A year in pharmacology: new drugs approved by the US Food and Drug Administration in 2024

Aksoyalp Z. S., KAYKI MUTLU G., Wojnowski L., Michel M. C.

Naunyn-Schmiedeberg's Archives of Pharmacology, cilt.398, sa.5, ss.5077-5099, 2025 (SCI-Expanded) identifier identifier

  • Yayın Türü: Makale / Derleme
  • Cilt numarası: 398 Sayı: 5
  • Basım Tarihi: 2025
  • Doi Numarası: 10.1007/s00210-025-04020-2
  • Dergi Adı: Naunyn-Schmiedeberg's Archives of Pharmacology
  • Derginin Tarandığı İndeksler: Science Citation Index Expanded (SCI-EXPANDED), Scopus, BIOSIS, Biotechnology Research Abstracts, CAB Abstracts, Chemical Abstracts Core, Chimica, Veterinary Science Database
  • Sayfa Sayıları: ss.5077-5099
  • Anahtar Kelimeler: Cell-based therapy, FDA, First-in-class, Gene therapy, Monoclonal antibody, New drugs, Next-in-class, Orphan drugs, Rare diseases
  • Ankara Üniversitesi Adresli: Evet

Özet

The US Food and Drug Administration approved 50 new drugs and nine new cellular and gene therapy products in 2024, i.e., a total of 59 new medical therapies. The latter group represented three treatments each for oncology and hematology/immunotherapy, and one each for neurology, genetic disorders, and cardiovascular disorders. Oncology, hematology/immunotherapy, and neurological disorders (14, six, and seven, respectively) also were highly prevalent among classic medications. Looking at trends over the past 5 years, we observe a greater share in first-in-class medications, more fast-track approvals, and mRNA/gene/cell-based therapies.
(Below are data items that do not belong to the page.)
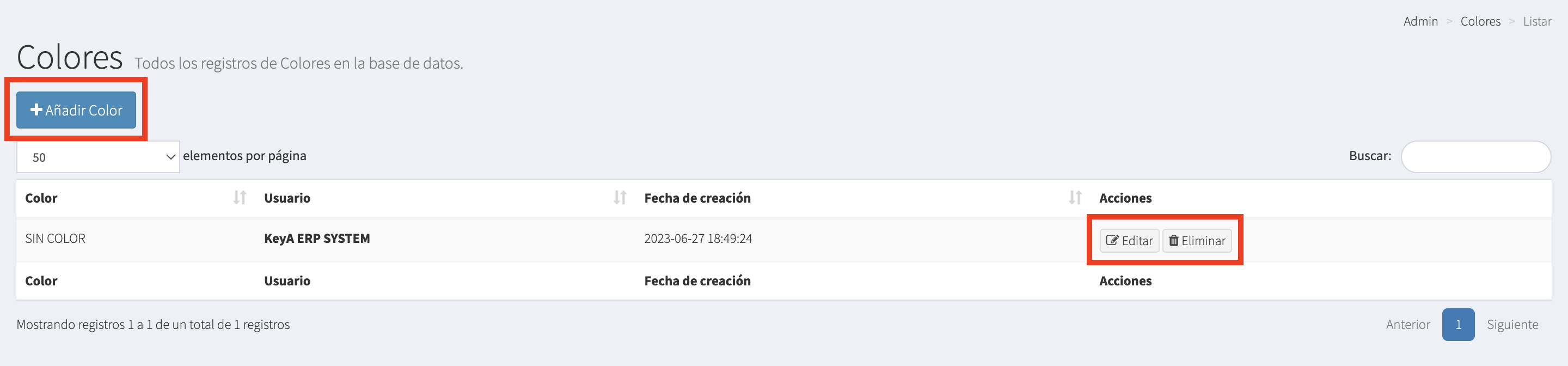 2.- Para dar de alta un nuevo Color, tenemos que darle click al botón + Añadir Color y se nos abrirá la siguiente pantalla.
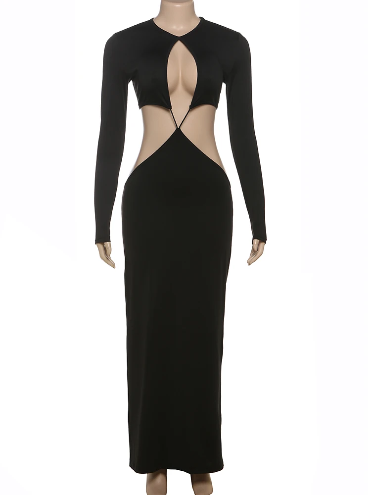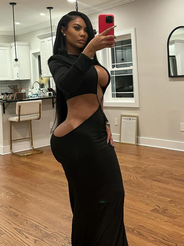 Sexy Coquette Dress Women Hollow Irregular Waistless Backless Full Sleeve Stretch Skinny Clubwear Hipster Vestidos
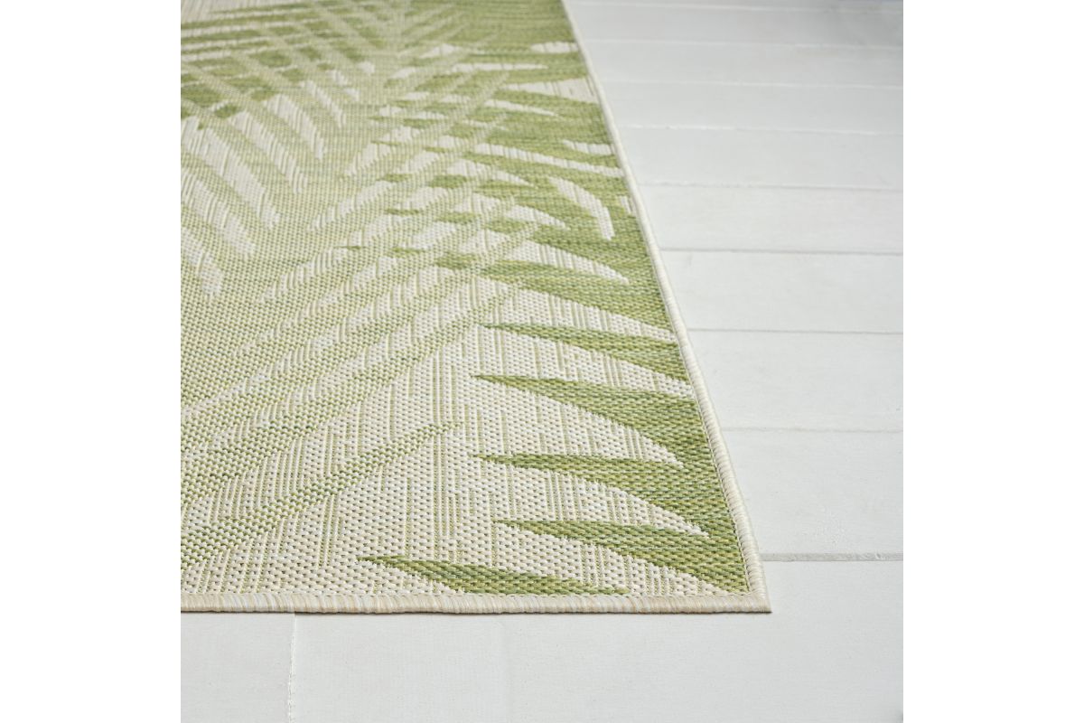 Transform any space with this versatile coastal flatweave area rug, perfect for indoor and outdoor use. Featuring a stylish green palm frond design on a beige background, it creates a striking foundation for your deck, patio, lanai, entryway, or hallway. Power loomed from durable polypropylene fibers, this rug is lightweight, comfortable underfoot, and built to last. Its fade, stain, and moisture resistant construction ensures long-lasting beauty, whether placed indoors or outdoors. Measuring 1'10" x 3'0", it’s ideal for small spaces such as bathrooms, apartments, dorms, and entryways. Complement a wide range of décor styles from tropical to contemporary with this easy-to-maintain, high-quality rug.
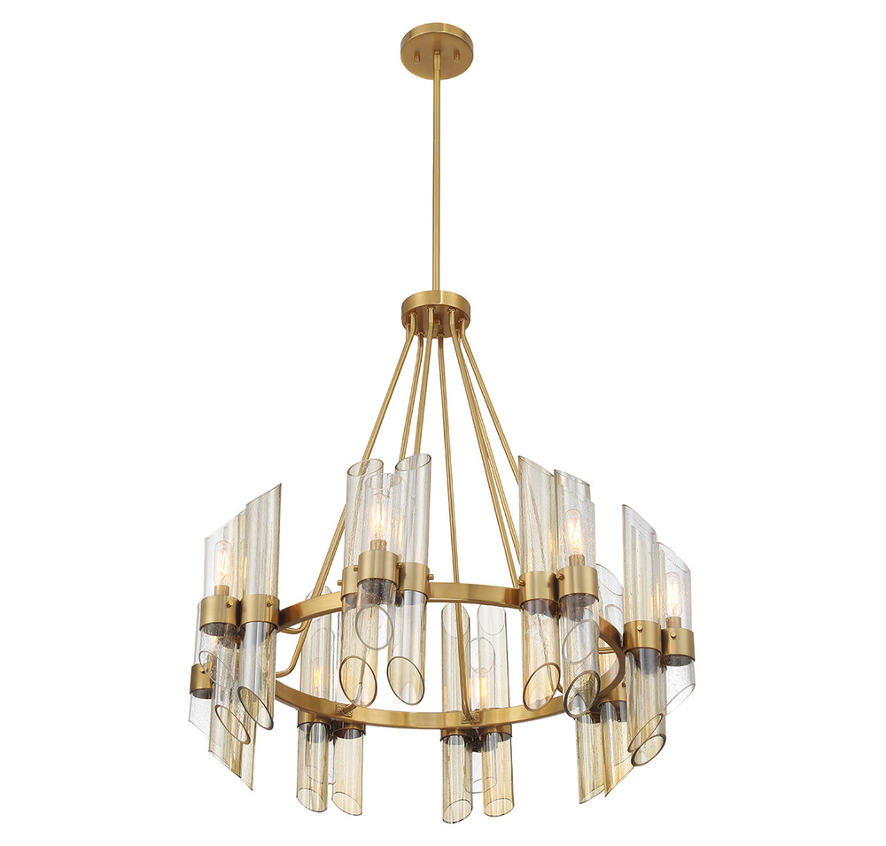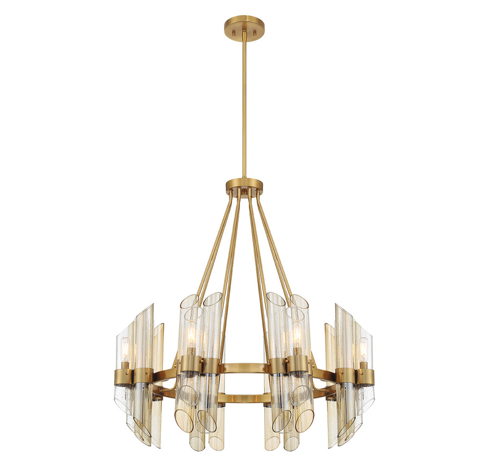 Adorn your home with the chic Art Deco style of the Savoy House Biltmore 8-light chandelier, which features pipes of marvelously multi-toned clear, champagne and smoked glass held in place by central belts finished in Warm Brass. Biltmore is 30" in width and has an adjustable height ranging from 31" to 85". Uses eight candelabra size bulbs of up to 60 watts per bulb. Bulbs not included.
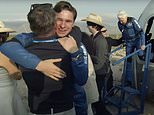Oliver Daemen, 18, fell into his father’s arms after safely emerging from Jeff Bezos’ New Shepard rocket which shot into space for a trip lasting just over 10 minutes.
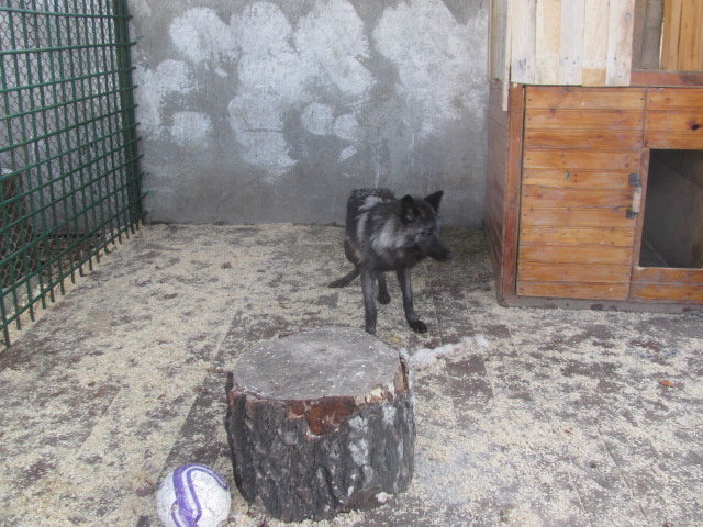 Там их ждал сюрприз, в виде соплеменницы, чёрной волчицы Багиры( о ней я расскажу позже). Баги была их ровесницей, ей, как и им было 11 месяцев, пока они ещё не достигли возраста половой зрелости, их можно было держать в одном вольере, что упрощало ситуацию с нехваткой места. Сначала Лорд и Грей не обратили внимания на соседку, у них был очередной стресс по смене места жительства и ещё какое-то время они скрывались в своей будке, уже в новом вольере. Увидеть серых братьев можно было только с началом сумерек, когда их уже ждал ужин, а днём они сидели в будке, иногда осторожно кто-нибудь из них выходил на разведку, осматривал территорию приюта и снова скрывался внутри.
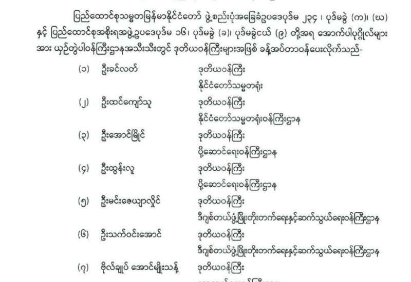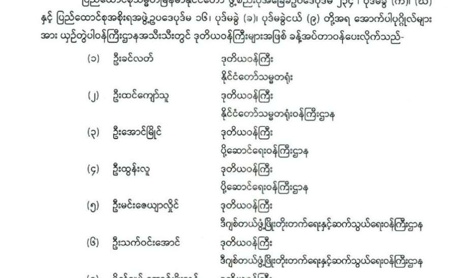 ဒုတိယဝန်ကြီးများ ခန့်အပ်တာဝန်ပေးခြင်း
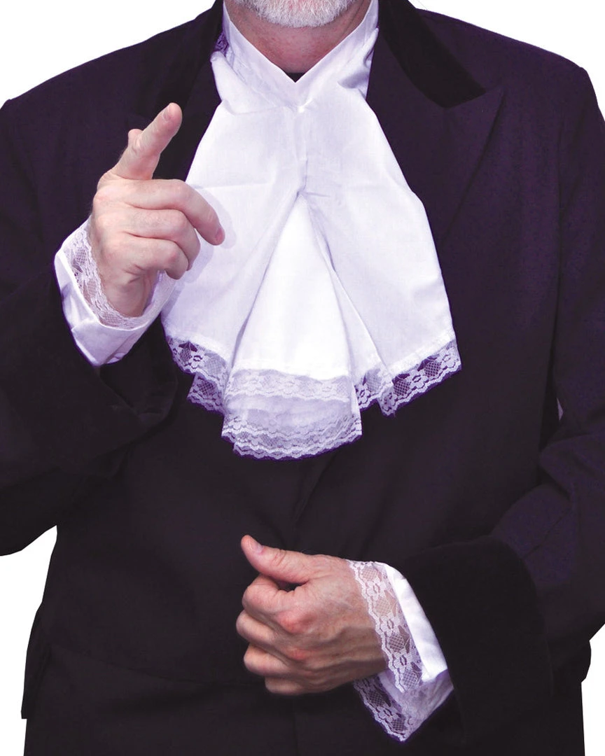 Jabot And Cuffs Colonial. White polyester ruffle jabot and cuffs with lace trim. One size fits most adults.
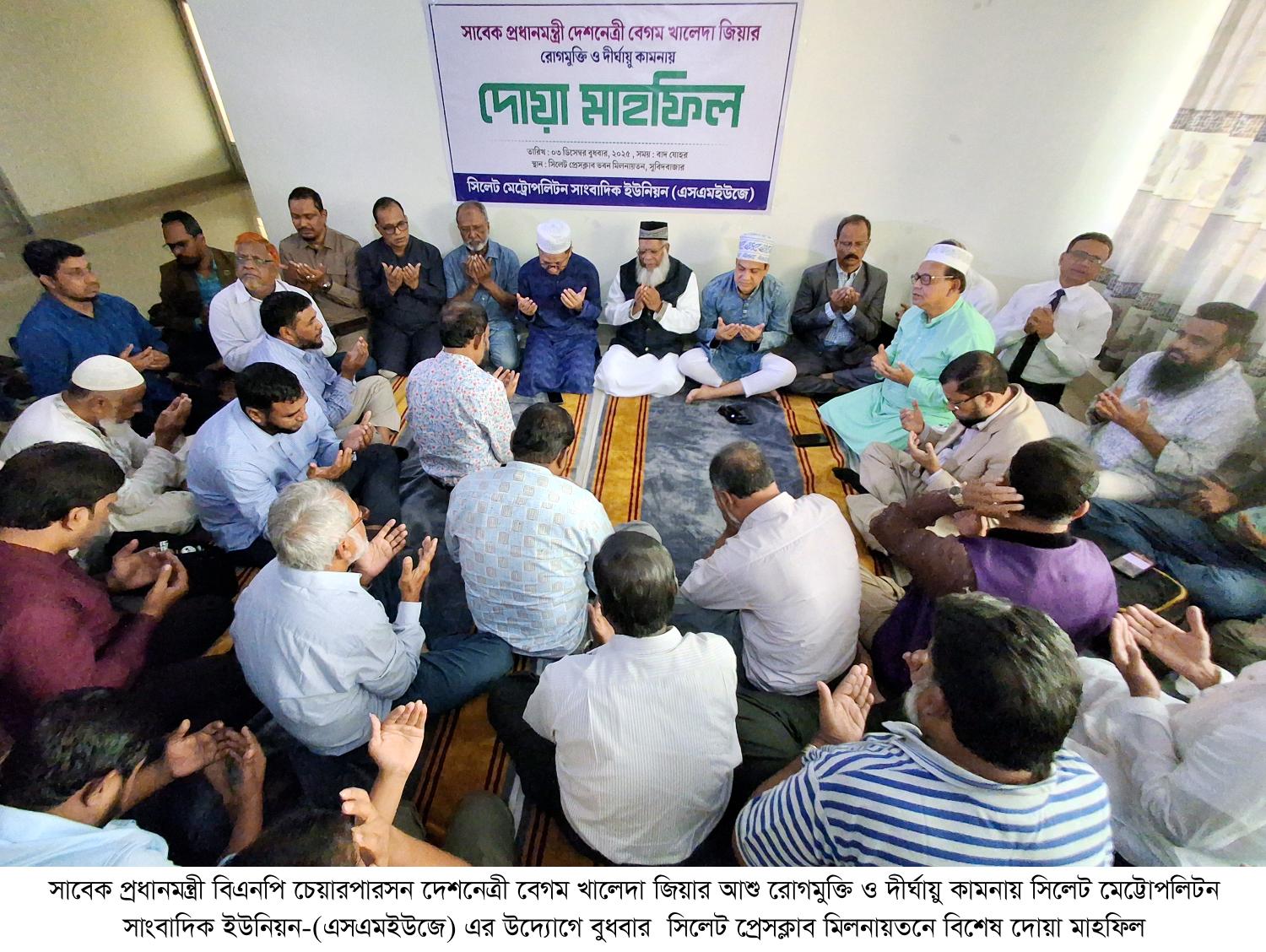 বিএনপি চেয়ারপারসন ও সাবেক প্রধানমন্ত্রী দেশনেত্রী বেগম খালেদা জিয়ার রোগ মুক্তি ও দীর্ঘায়ু কামনায় সিলেট মেট্টোপলিটন সাংবাদিক ইউনিয়ন (এসএমইউজে) এর উদ্যোগে এক বিশেষ দোয়া মাহফিল বুধবার (৩ ডিসেম্বর) সিলেট প্রেসক্লাব ভবনে আয়োজন করা হয়।
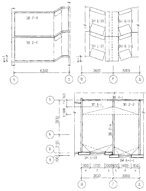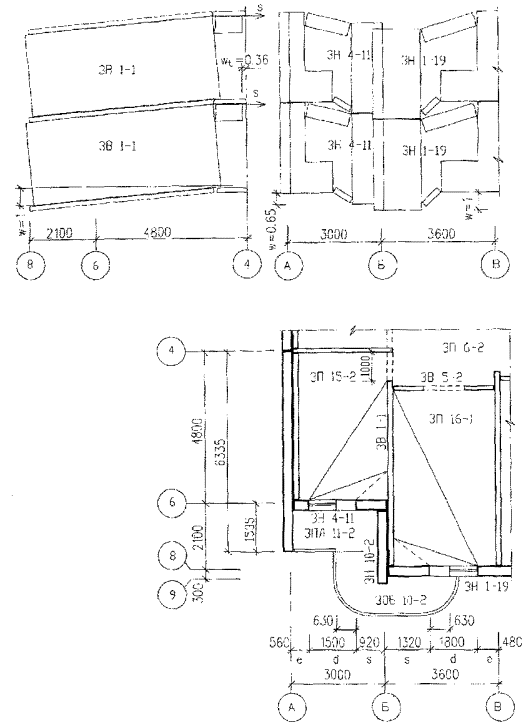 S7w>Rw,ex, то если где s7 несущая способность связи растяжения между наружной стеной и перекрытием. ПРИЛОЖЕНИЕ 2Пример расчета здания серии ПЗМ на устойчивость против прогрессирующего обрушения.1. Исходные данные. Проект разработан Мастерской № 3 МНИИТЭП. Конструктивная система здания - поперечно-стеновая (рис. 11). Высота этажа hf=280 см. Наружные стены толщиной 32,5 см трехслойные железобетонные двухмодульные и одномодульные; внутренние стены толщиной 18 см и 14 см из тяжелого бетона В22,5. Плиты перекрытий сплошные толщиной 14 см из тяжелого бетона В22,5, армированного нижней сеткой и каркасами. Конструкции сборных элементов приняты по альбомам, указанным в таблице 1. Исходные данные по сборным элементам Таблица 1.
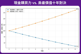 通膨最可怕的地方,不是一次性的價格跳升,而是它會在日常裡慢慢吃掉現金的價值。以3%通膨率作為情境試算,今日手上的1,000萬元現金,10年後的實質購買力將只剩下約744萬元。帳面數字或許沒有改變,但未來能換到的生活條件、資產規模與選擇空間,卻早已不同。當物價、薪資與資產價格都在往上墊高,唯有現金停在原地,這種無聲的縮水,正是許多人在大通膨時代下最真實的焦慮來源。
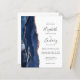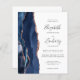 The left-hand edge of this elegant modern wedding invitation features a navy blue watercolor agate border trimmed with faux rose gold glitter. The customizable text combines handwriting, copperplate and italic fonts in charcoal gray on a white background. Add additional details on the back, along with a QR code to help your guests visit your wedding website.
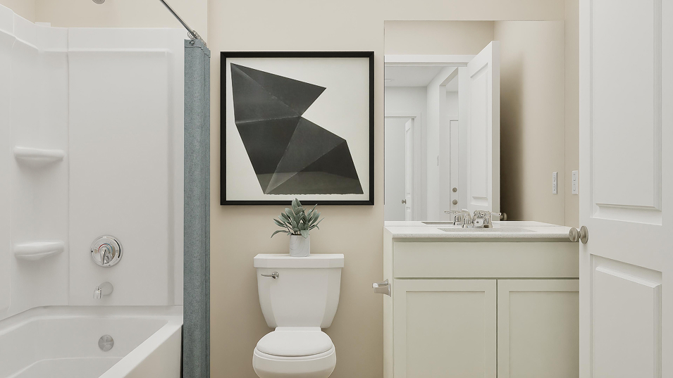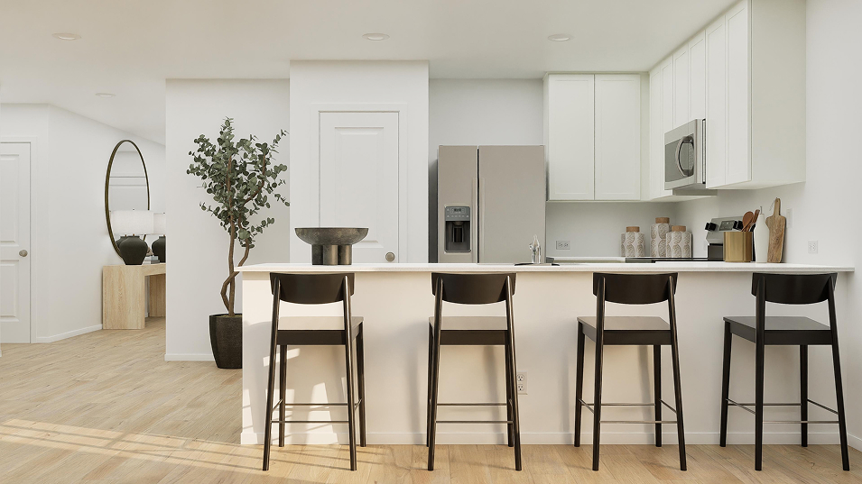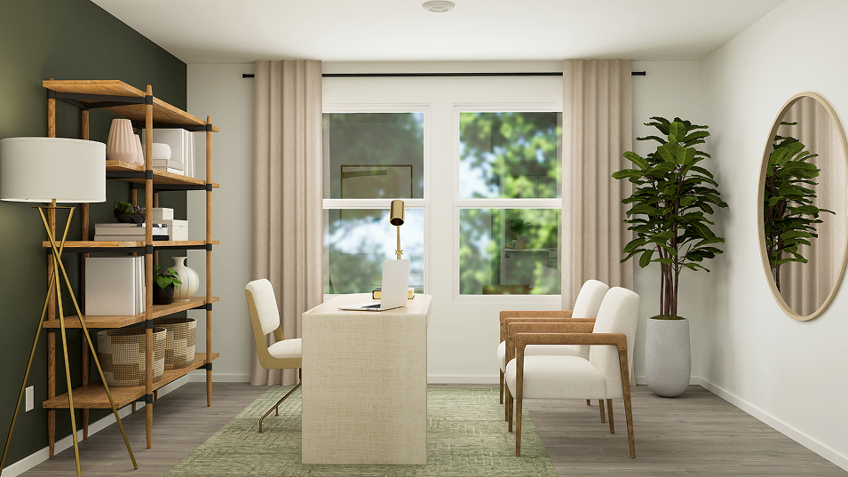 This new four-bedroom home offers convenient single-story living. Upon entry are three secondary bedrooms steps from a full bathroom, leading to an open plan shared between the kitchen, living and dining areas. Tucked away to the side of the home is a versatile flex space, ideal as a studio or office. A luxurious owner’s suite provides a private retreat at the back of the home, complete with a full bathroom and walk-in closet.
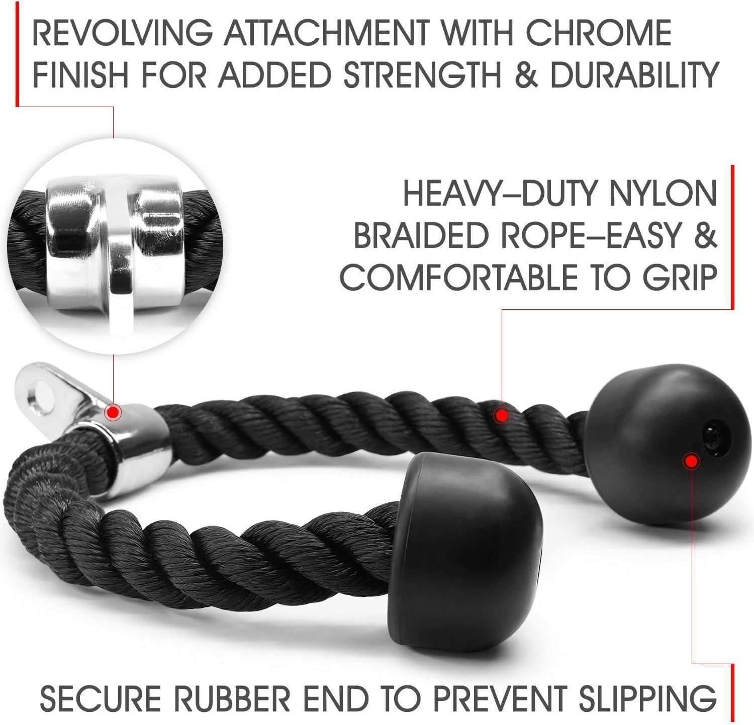 Yes4All Cable Machine Attachment, Row Handles, Tricep Rope, Straight Bar, V Bar, LAT Pulldown Accessories Load 880 LB for Home Gym(K. Black Tricep Rope 27″)
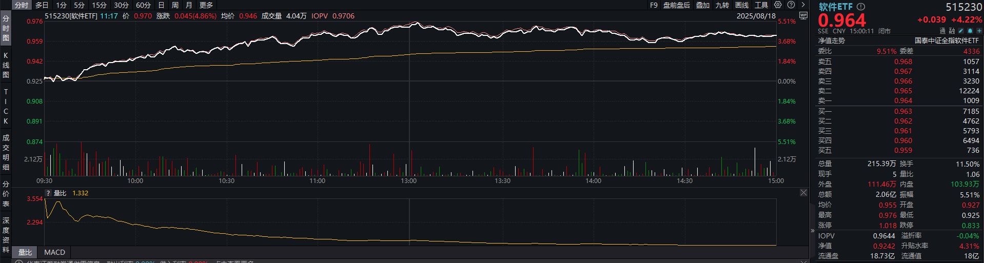 每经编辑|叶峰 今日A股三大指数集体上涨,沪指涨0.85%,深成指涨1.73%,创业板指涨2.84%,北证50指数涨6.79%,全市场成交额28091亿元。 今日软件ETF(515230)涨幅达4.22%。 上涨驱动因素分析 市场活跃 ...
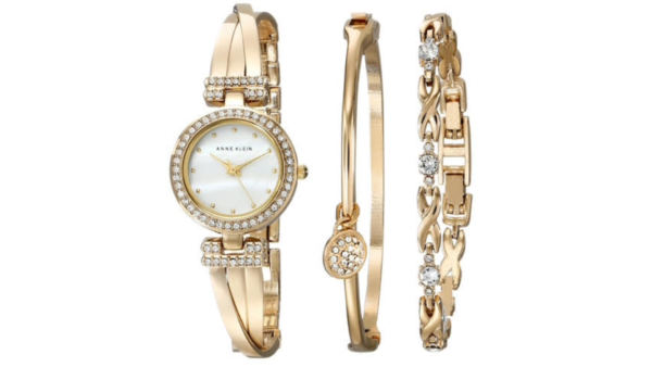 Integra mecanismo de cuarzo con batería, cristales Swarovski incrustados en bisel y brazalete, esfera mineral resistente a impactos, resistencia a salpicaduras y se entrega como un set con pulseras a juego
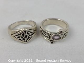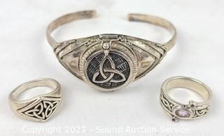 Lot #0151: Sterling Celtic Knot Cuff Bracelet & 2 Rings
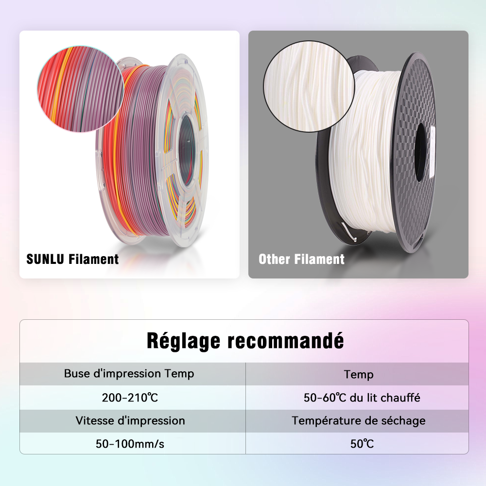 Filament SUNLU 100 % enroulé soigneusement. Grâce à sa technologie propriétaire, SUNLU maîtrise des procédés avancés et produit un filament PLA PLUS/PLA+ 100 % parfaitement enroulé — un niveau que les autres marques ne peuvent atteindre. Sans nœuds, sans déroulement désordonné : votre efficacité d’impression est optimisée.

While small molecules remain the largest fraction, their percentage has been declining substantially over the past 5 years. Taking together, these findings testify to the commitment of the pharmaceutical industry for innovative treatments, including conditions for which no approved therapies existed. On the other hand, there also is a trend for approvals for narrowly focused conditions such as tumors defined by genetic alterations.